The Practical Music Protocol for Learners

Here's how I actually use this stuff, after years of trial and error:

For deep reading or writing: Lo-fi hip-hop or instrumental classical, low volume, long playlist that I won't have to fiddle with. No lyrics. No surprises. The goal is audio wallpaper that masks the environment without engaging me.

For math, coding, or data work: Slightly more energetic instrumental electronic music or video game soundtracks. The repetitive structure and steady tempo keep my arousal up during tasks that can otherwise feel monotonous.

For memorization or detailed comprehension work: Often silence, or extremely minimal ambient. When I'm trying to encode specific information into long-term memory, I want as few competing inputs as possible. This is the one place I usually go music-free.

For creative or brainstorming work: My favorite music, often with lyrics. The mood lift outweighs the language interference because I'm not trying to encode external information… I'm trying to generate ideas.

For a slump or low energy: A few songs of upbeat preferred music to lift arousal, THEN switch to instrumental for the actual deep work. Think of it as priming. Get into the right state, then remove the high-stimulation audio so your brain can do the real work.

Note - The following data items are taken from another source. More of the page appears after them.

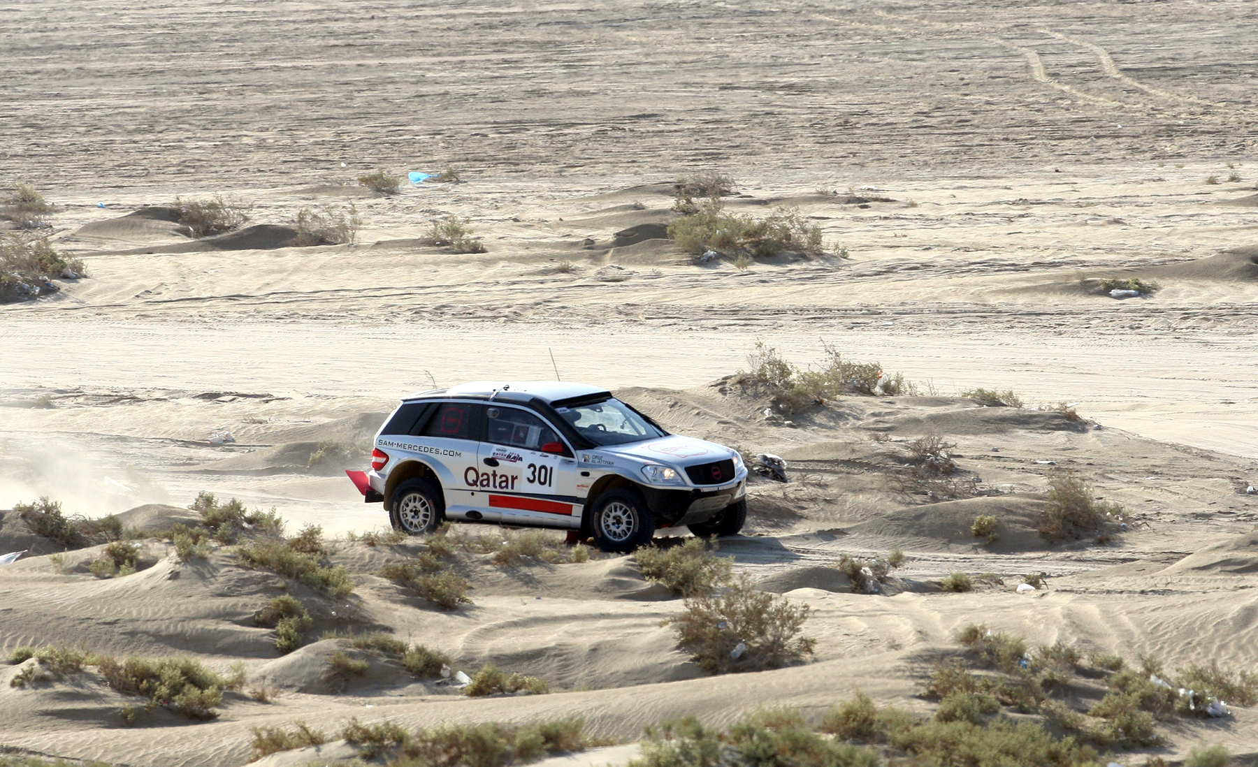 Qatari driver Nasser Saleh Al Attiyah competes in the Qatar International Baja.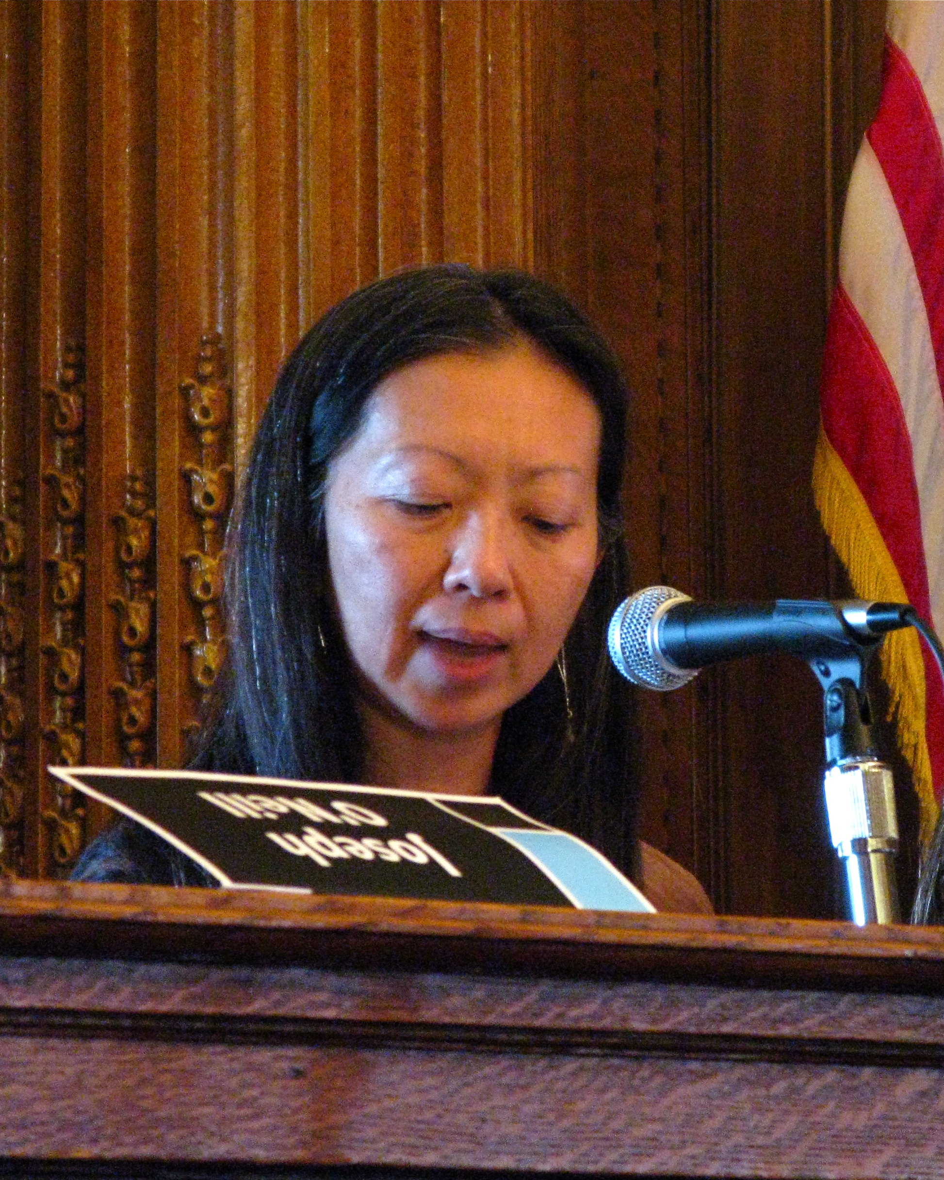 Fae Myenne Ng Brooklyn Book Festival Borough Hall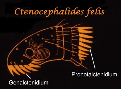 scheme of the head of the cat flew (Ctenocephalides felis)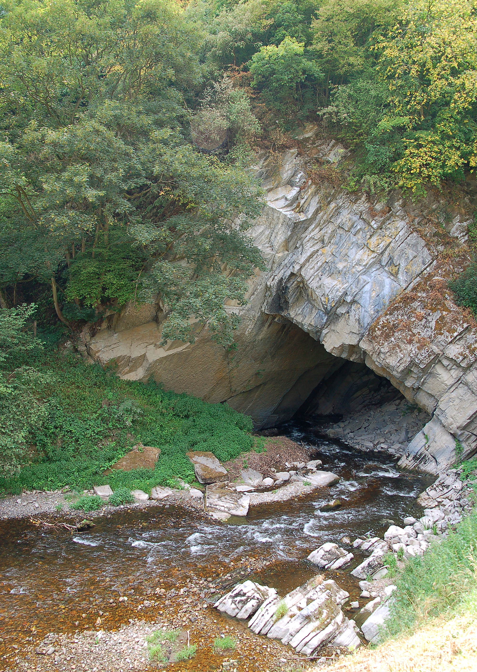 Gouffre de Belvaux, Belgium. Ponor (Entrance) of river Lesse into the Caves of Han-sur-Lesse. Exits a mountain on its opposite side (base of the mountain ca. 1100m).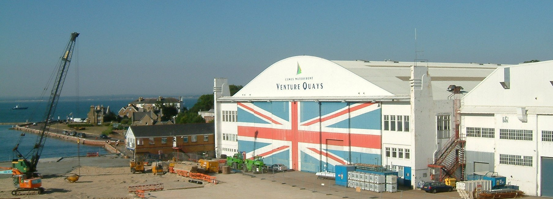 Cowes et East-Cowes, Island of Wight, UNITED KINGDOM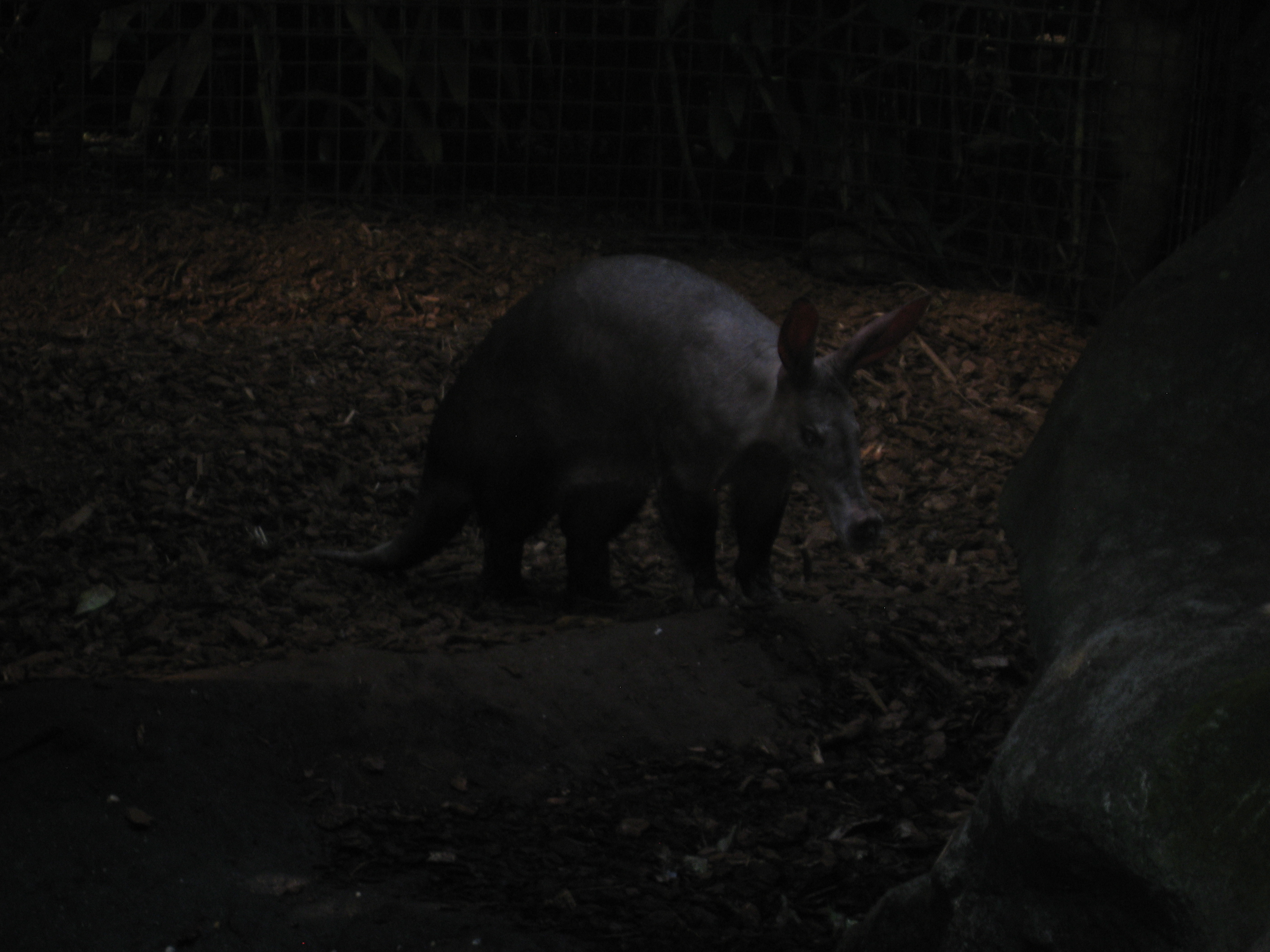 Aardvark in Burgers' Bush, part of Burgers' Zoo

Never: Music with lyrics in the language I'm studying. New music I'm hearing for the first time. Anything with dramatic dynamic shifts. Hype playlists. Music that makes me want to dance instead of work.

The Bigger Lesson

Here's the meta-point. Music and studying isn't a question with a single answer. It's a question with several answers, depending on the task, your state, your environment, and your preferences. The mistake most people make is using the same audio environment for everything… or worse, defaulting to silence because someone told them silence was "always best." Silence works for some people, some tasks. So does lo-fi. So does Bach. The right answer is the one that puts your brain into the optimal arousal zone for the specific work in front of you.

Experiment. Notice what works. Build a few different playlists for different cognitive modes. Treat your audio environment as a tool you're tuning, not a default you set once and forget about.

And if you find yourself studying alongside Lofi Girl and her unflappable cat, know that you're not just participating in an internet aesthetic. You're using one of the better-engineered audio environments humans have ever designed for focused work. The cat approves. So do the neurons. So does Ray. Press play.